The condition is also called the pattern of the rule.The language of Sudoku is built on a very limited number of primary predicates and associated atomic formulæ:
n1 = n2
r1 = r2
c1 = c2
b1 = b2
value(n, r, c)
candidate(n, r, c)
where n, r, c,… are variables (and = is the usual equality sign).
This is a natural modelling choice, justified by the fact that they constitute the minimum common to all players.
According to Occam's razor principle, any addition to these basic predicates should be justified by some necessity.
Auxiliary predicates can of course be defined. Formally, they are just formulæ with free variables.
For instance, share-a-unit(r1, c1, b1, r2, c2, b2) is defined as: r1 = r2 or c1 = c2 or b1 = b2
Other predicates that can be easily defined are:
- bivalue
- bilocation (or conjugate)
- nrc-linked
- nrc-conjugate,…
If the above definition, the condition part (which is also a FOL formula in itself) describes a possible situation on a grid, e.g. a Naked-Triplets, an xy4-chain, an nrczt5-chain, …

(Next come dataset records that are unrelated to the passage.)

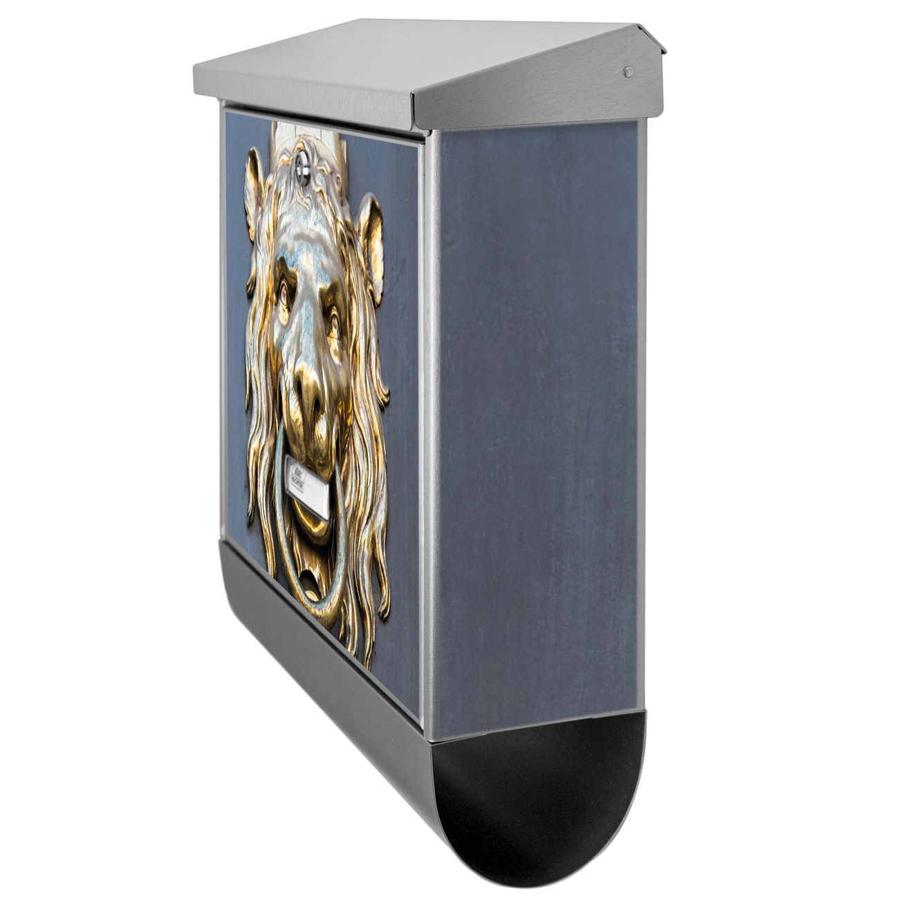 Der Türklopfer Löwe Motivbriefkasten hat ein sehr ansprechendes und zeitloses Design. Unsere Motivpalette hält jede Menge Varianten bereit, ob klassisch, modern, verspielt oder witzig - für jeden haben wir das passende Motiv parat. Der Briefkasten mit Zeitungsfach ist Ihr Aushängeschild, heben Sie Sich ab ohne auf Funktionalität zu verzichten.
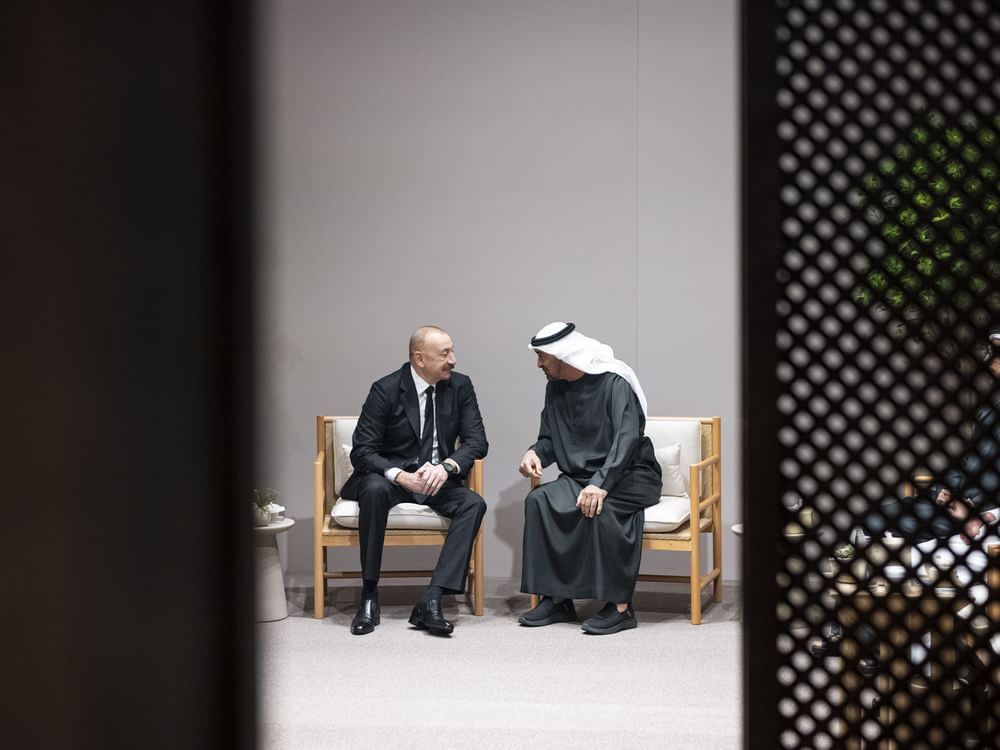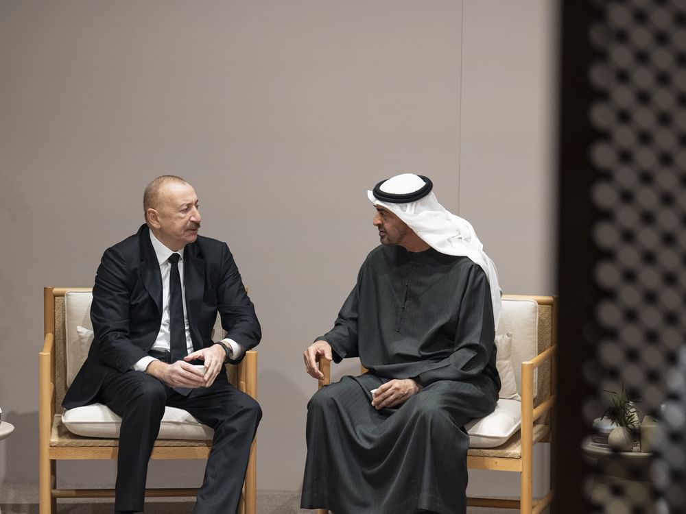 emirates7 - UAE President His Highness Sheikh Mohamed bin Zayed Al Nahyan and His Excellency Ilham Aliyev, President of the Republic of Azerbaijan, today discussed ways to strengthen bilateral relations in support of shared development as part of the Comprehensive Strategic Partnership between the two countries.
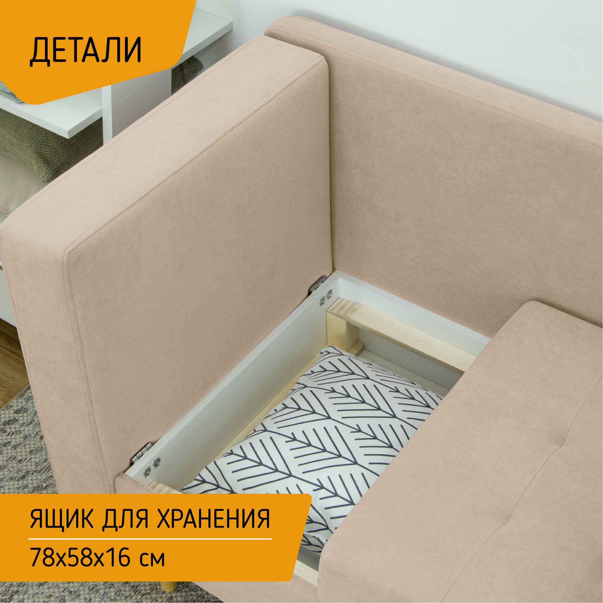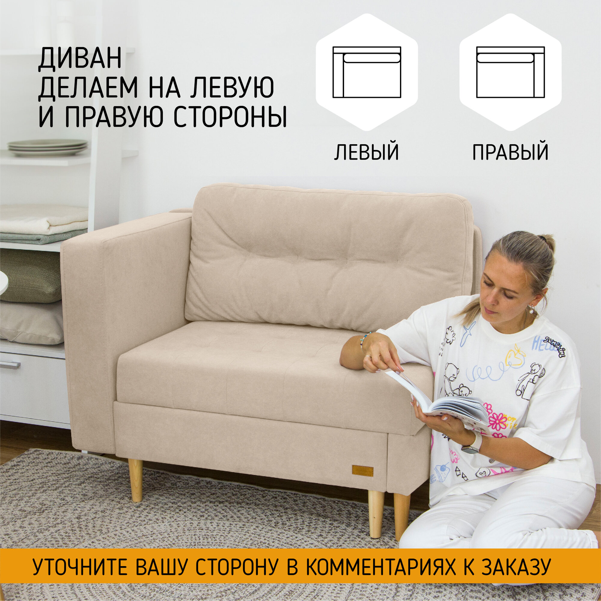 Купить Диван-кровать KRASDIVAN Чарли, размер 106х70 см, с ящиком для белья, велюр Domino 1 светло-бежевый
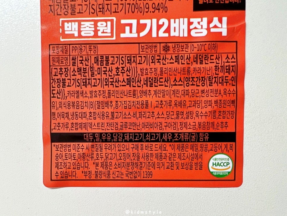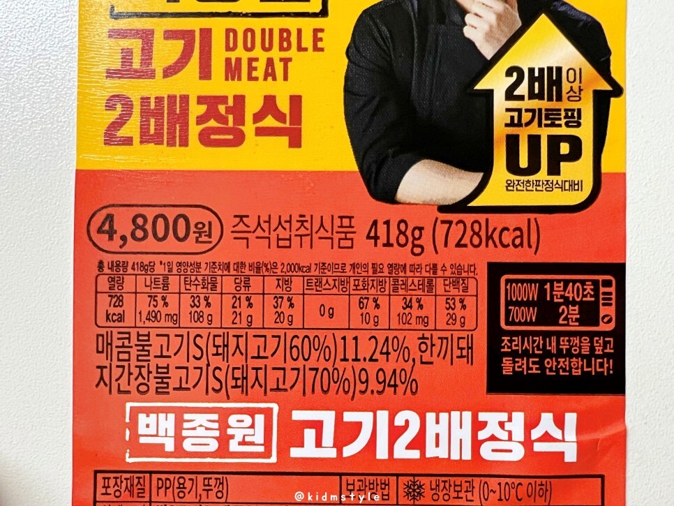 CU 백종원 고기 2배정식 영양성분 정보를 참고하시고요. 고기는 전부 돼지고기로 구성한 제품이네요. 전자레인지에 1000w 기준 1분 40초, 700w 2분 돌리면 됩니다. 물론 뚜껑은 덮고 돌려도 되고요.
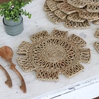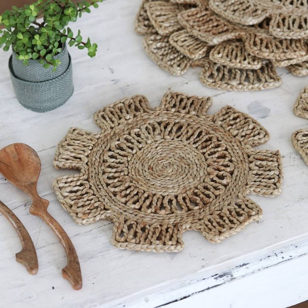 Handcrafted Jute Placemats with Floral Pattern Set of 6 'Flower Attraction' Item ID: 2671789033
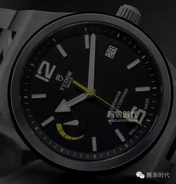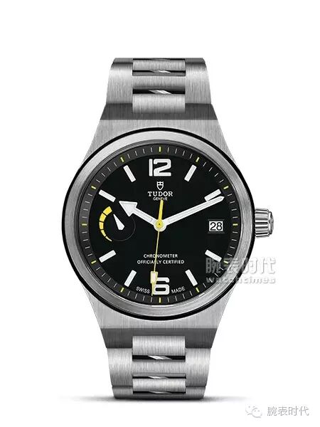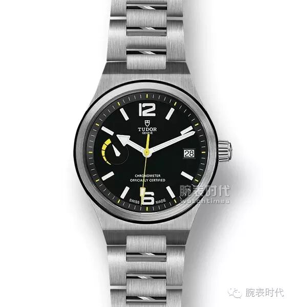 帝舵North Flag极帜型腕表91210n-0001整体线条设计充分展现运动风尚,无论是箭形指针的应用、动力存储的外观,还是磨砂哑面的表壳、大面积黑色表盘中点缀的明黄色,都体现的浓浓的运动风。表壳采用不锈钢材质,中层表壳棱角分明,打磨精细且全磨砂,以达到哑面效果,营造一种高科技观感。另一方面,精妙的细节又令腕表刚中带柔。表壳顶部设计稍微弯曲,让光线流动其中,不致于光芒毕露。边缘与下半部之间为磨光斜角,为这款腕表增添柔和效果。而不锈钢及哑光黑色陶质双外圈又让这款表不那么一本正经。这款表表径40毫米,使用大时标,于3点钟位置设有瞬跳日历窗 ,并于9点钟位置设有动力储备指示盘,整体分布和谐充满运动风。使用不锈钢旋入式上链表冠,饰以帝舵表标志浮雕,防水深达100米(330英尺)。帝舵极帜型腕表91210n-0001的表壳与实心磨砂钢表带巧妙结合,装配帝舵折扣及安全扣,细致人体工学及流畅线条设计让佩戴更加舒适方便。
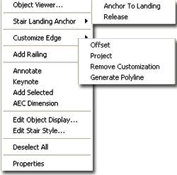 ![]() Additional information - use this dialog box to check for erroneous coordinate settings such as improper Z-axis values or to set unique position, scale or rotation values. This option is not available on Stairs that have been Anchored to Landings. Anchor - this dialog box is only available on Stairs that have been Anchored to other Stairs with the AnchorToStairLanding tool - see below for more information on this subject. For Worksheets and other options on this Palette, see the discussion under Adding Stairs for more information. Illustrated to the left I show the object-specific pop-up menu and the options you have for a Stair Object. In addition to these options, you will find a great deal of flexibility for controlling the design of Stairs through the use of Grips. |

A resolution rule is proven once and for all, and the way it has been proven, by a any valid mathematical methods, has no impact of any kind on its logical validity.In particular, whether or not reasoning by cases has been used in the proof is totally irrelevant to its validity.
Being logically valid doesn't prevent a rule from being more or less easy to apply, but this has nothing to do with the way it has been proven. The problems
- of proving a rule once and for all (generally these proofs are very straightforward)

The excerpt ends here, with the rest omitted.